Мне, сыну бедного, то бишь необеспеченного учителя, и, как ни странно, моей жене Вере, дочери осыпанного материальными благами крупного работника, двухкомнатная квартира в доме, где на стене был нарисован лев, показалась нежданно прекрасной, да так оно и было. Две изолированные комнаты по двадцать квадратных метров каждая, холл такой же величины, балкон и вдобавок лоджия, ниша для верхнего платья. Потолки чуть ли не довоенной высоты, дом строился по особому проекту, и – холл, холл! Двадцать квадратных метров пустого пространства! Жена зачарованно молчала: в пятикомнатной квартире ее отца холла не было, существовал длинный, но узкий коридор.
– Никита! – прошептала Вера. – Нам будет здесь хорошо, Никита!
Она забыла, какой ценой досталась нам эта квартира, и червь, который подтачивал нашу любовь и нашу дружбу, в эти минуты прекратил свою незаметную, но неустанную работу по уничтожению того, что называется дурацким словом «брак».
– Ты права, – сказал я, – нам здесь временно будет хорошо.
Очарованная бордовостью холла, здоровенными окнами, балконом и лоджией, Вера пропустила мимо ушей слово «временно», чего в обычной обстановке быть не могло. Что же! Женщины консервативны, женщины не любят перемен, если их не сжигает огонь тщеславия. Моя жена Вера относилась к числу людей, нетребовательных к жизни в ее стоимостном выражении, – это шло от ее отца, замечательного в своем роде человека. Габриэль Матвеевич Астангов! Этим все сказано…
– Никита! Я счастлива, Никита!
– Счастье – твое перманентное состояние, Вера.
И этого она не заметила, но вспомнит мои слова много лет спустя, чтобы повторить их с другим совершенно смыслом. Видимо, слова отпечатались в памяти: так бывает, так бывало и со мной. Вдруг что-то всплывет, зазвучит в ушах, увидится, а что это такое и откуда – вспомнить невозможно.

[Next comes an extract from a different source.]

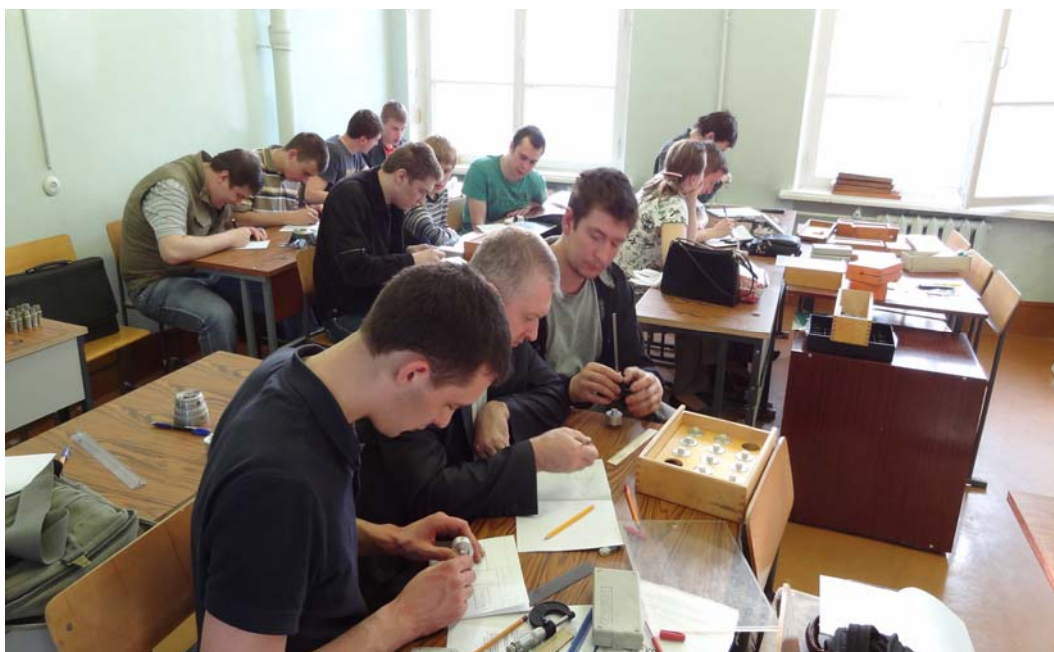
Студенты дневного отделения МАТИ на лабораторно-практических занятиях в аудитории ОПК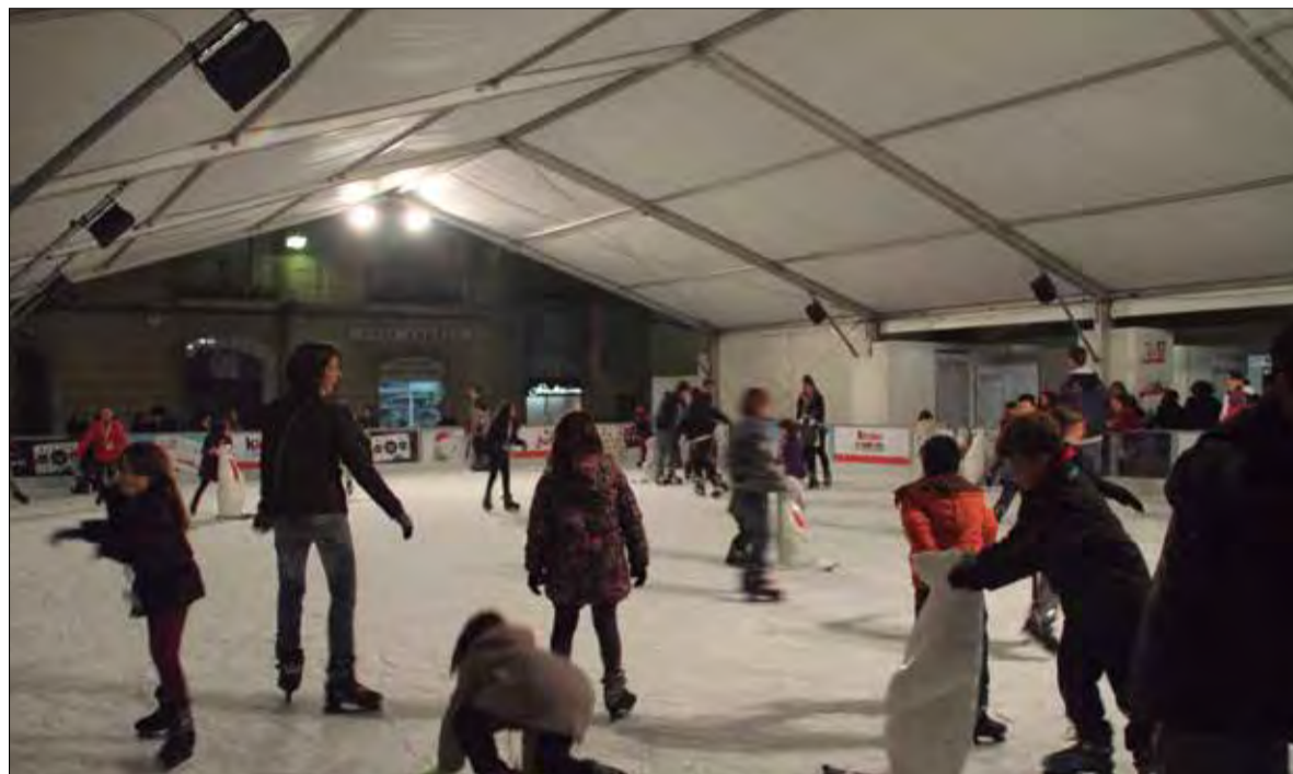
La pista de gel atreia cada any centenars d'infants.

– Поставим самую простую и дешевую мебель, – ласково продолжал я. – Весьма желательно, душа моя, чтобы мебель была временной. Понимаешь, мебель-времянка?
– Как хочешь, как хочешь! – готовно ответила она и опять – вот чудо из чудес! – не обратила внимания на слова «временный» и «времянка»: для нее это означало обычную мебель. – А солнце, Никита, у нас будет только по вечерам! – сказала она по-прежнему восторженно. – Ну, это пустяки, Никита!
Я никогда не увижу солнца из окон нашей первой московской квартиры, у меня не выберется свободного времени, чтобы хоть один раз оказаться дома, когда в окна заглядывает солнце. Почти десять лет жизни в доме с меловым львом на стене я буду работать как проклятый, как негр на сахарной плантации, как узник на галерах, чтобы уйти из двухкомнатной квартиры в трехкомнатную и, наконец, – пятикомнатную с двумя санузлами и окнами, выходящими на все стороны света. Солнце всегда будет жить в нашей пятикомнатной квартире, но из ее окон я его тоже не часто увижу. Солнце мне будег светить на чужих дачах, трех разных дачах постепенно увеличивающейся кубатуры и этажности, дачах, возле одной из которых… Но об этом позже. Сейчас я стою в холле моей первой в жизни собственной двухкомнатной квартиры и наблюдаю за восторгами жены, не пожелавшей из любви ко мне оставить себе девичью фамилию. На мой взгляд, фамилии менять нельзя, как, скажем, нельзя в институте косметики менять внешность, фамилию, к сожалению, можно только наследовать и должно наследовать, иначе я бы – даю слово – не остался Вагановым. Я настолько же не люблю фамилию отца, насколько люблю его самого за его несчастья, за неутоленную мечту об автомобиле. Я бы не стал из Астанговой превращаться в Ваганову, но этого Вера не понимает и никогда не поймет, бог с ней, неумолимой и мечущейся!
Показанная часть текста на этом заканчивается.